When Christine was asked by a bureaucrat from the Victims Compensation Tribunal in 1996 to prove the degree of her loss or risk forfeiting her compensation, her response was to take him through the last hours of her daughter’s life. The paper process, which Christine refused to complete so that her family could receive what she considered ‘blood money’, and the psychological evaluation of her family’s suffering she eventually conceded to undergo, had re-victimised her. The Simpsons were among a group who led the fight for change and in 1996 the Victims Rights Act was passed in New South Wales. This Act removes the need for relatives to prove their grief and places them in the ‘protective category’ of victim. They are automatically recognised, each family sharing a maximum of $50 000. Applications are easier and administration more expediently processed by the Tribunal. In addition, a charter of rights for victims of crime has been established, as was the Victims of Crime Bureau, the Victims Advisory Board and a provision for victim impact statements.
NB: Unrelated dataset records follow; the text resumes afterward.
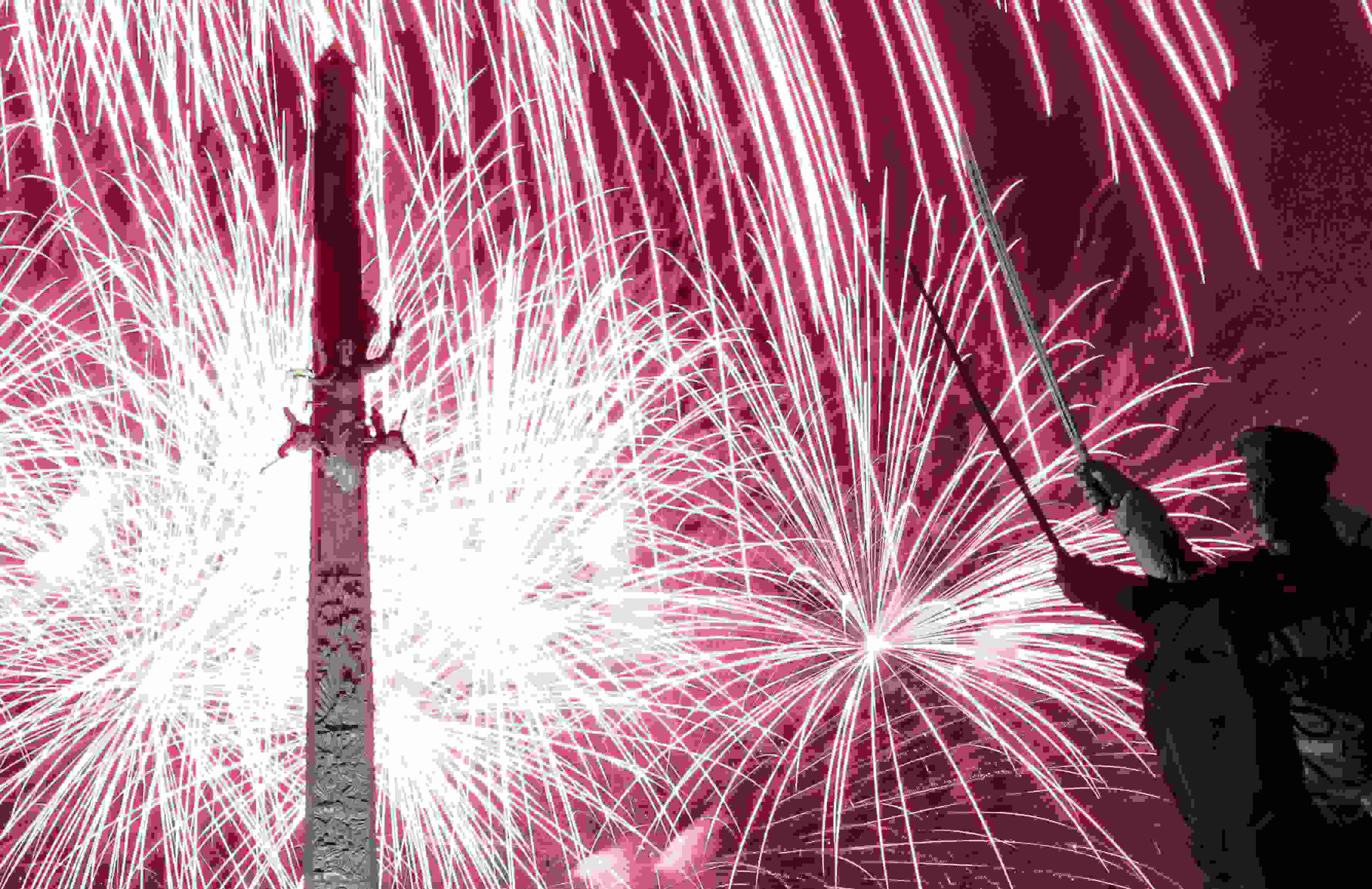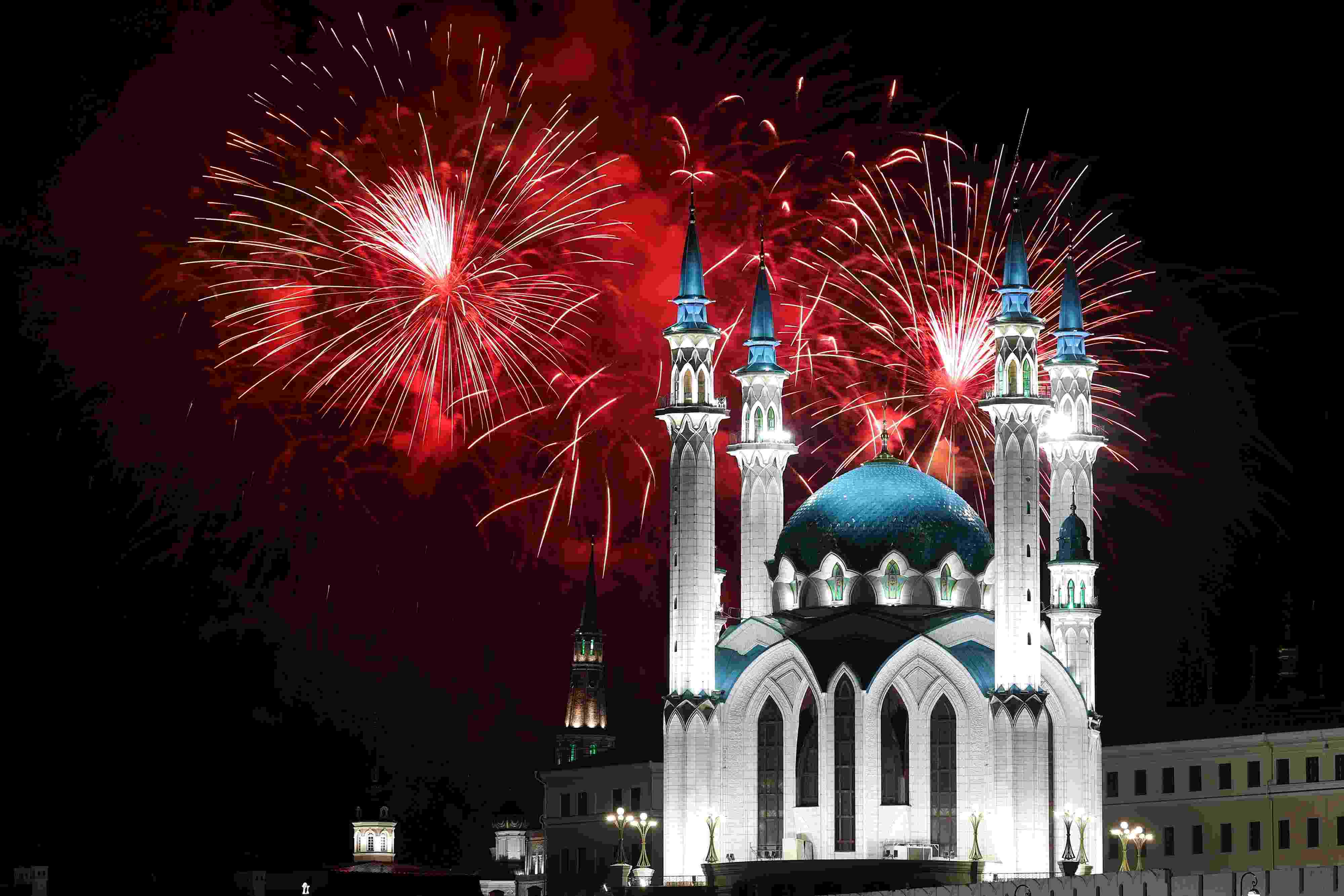 當(dāng)?shù)貢r(shí)間2023年5月9日,俄羅斯喀山,紀(jì)念衛(wèi)國(guó)戰(zhàn)爭(zhēng)勝利78周年,庫(kù)爾沙里夫清真寺燃放煙花。視覺(jué)中國(guó)
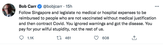 According to the Labor Party statesman, if you are unvaccinated and get sick then you are stupid and the rest of us aren’t here to help you.
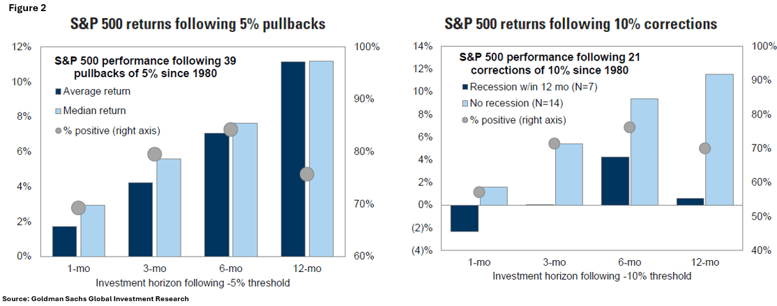 Looking ahead, investors might wonder, “What’s next?” According to the charts in Figure 2, historical data suggests that after corrections of 5% and 10%, market returns tend to be quite positive over both the short and long-term.
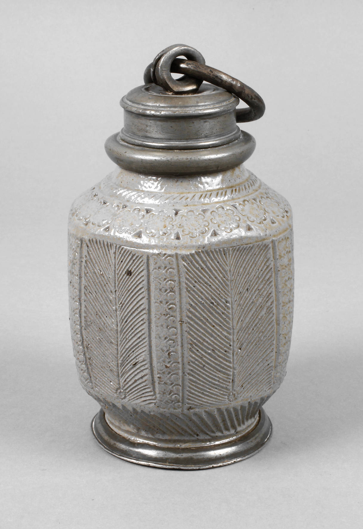 um 1670/90, graues Steinzeug, salzglasiert, die Wandung facettiert, geritzt und gestempelt, Zinnmontur bestehend aus Standring, Mündung und schraubbarem Deckel mit klappbarem Ösenhenkel, sehr guter unbeschädigter Originalzustand, H 19,5 cm.
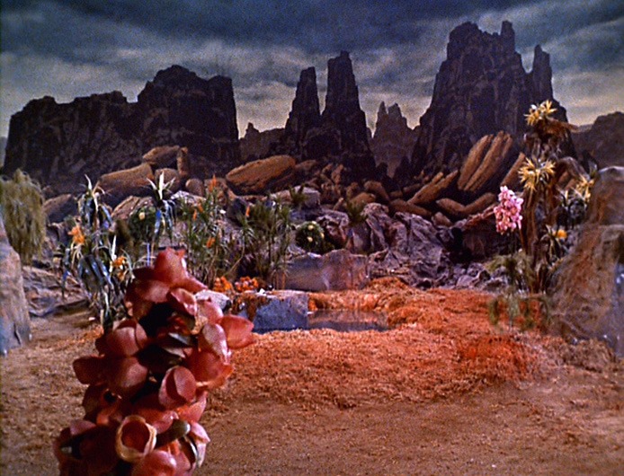 Back with Mitchell and Dehner, the two are walking along the planet’s surface. Dehner says that it would take a miracle to survive on this planet, and Mitchell (with echo-voice) says that he’ll make one. He waves his hand, and the fakest looking oasis I’ve ever seen appears.
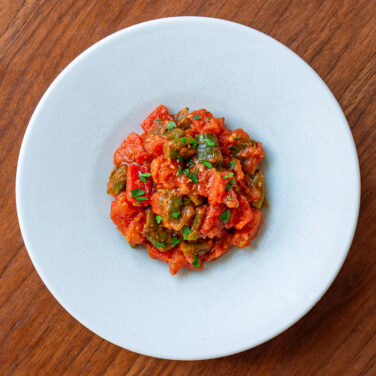 モロッコの温かい前菜、トゥクトゥーカ。表面が焦げるまで焼いて薄皮を剥いたピーマンやパプリカをトマトと合わせ、クミンで風味付けしたシンプルな一皿。本場モロッコのピーマンは、日本の一般的なピーマンより肉厚なものが多いため、日本で作る場合はピーマンより万願寺トウガラシを使うのがオススメです。

There was no a legal basis in 1993 for the written submissions Ebony’s parents had made about their loss to be read in court or accepted as evidence. Gordon Fenney’s daughter, Cheryl Lee Ide, became the first person to make a victim impact statement at a murder trial, Virginia Morse’s husband, Brian, the first at the Court of Criminal Appeal.
The amendments Peter and Christine Simpson have fought for were among the first steps in better catering for the financial and emotional needs of families touched by murder. The ordeal endured by the families of Lauren Barry and Nichole Collins, presented later in this book, highlights the shortfalls that still existed in 1997 and the changes that occurred to redress them. First, however, let us take a step back in time to 1974, when police procedures were more rudimentary and victim support almost nonexistent, to look at the lives of a family shaken by their five-year-old’s murder. These lives are now coloured forever by the pointed fingers of some members of the police and community, interminable criminal procedures and legislative change that re-determined the sentence of their daughter’s killer and eventually set him free.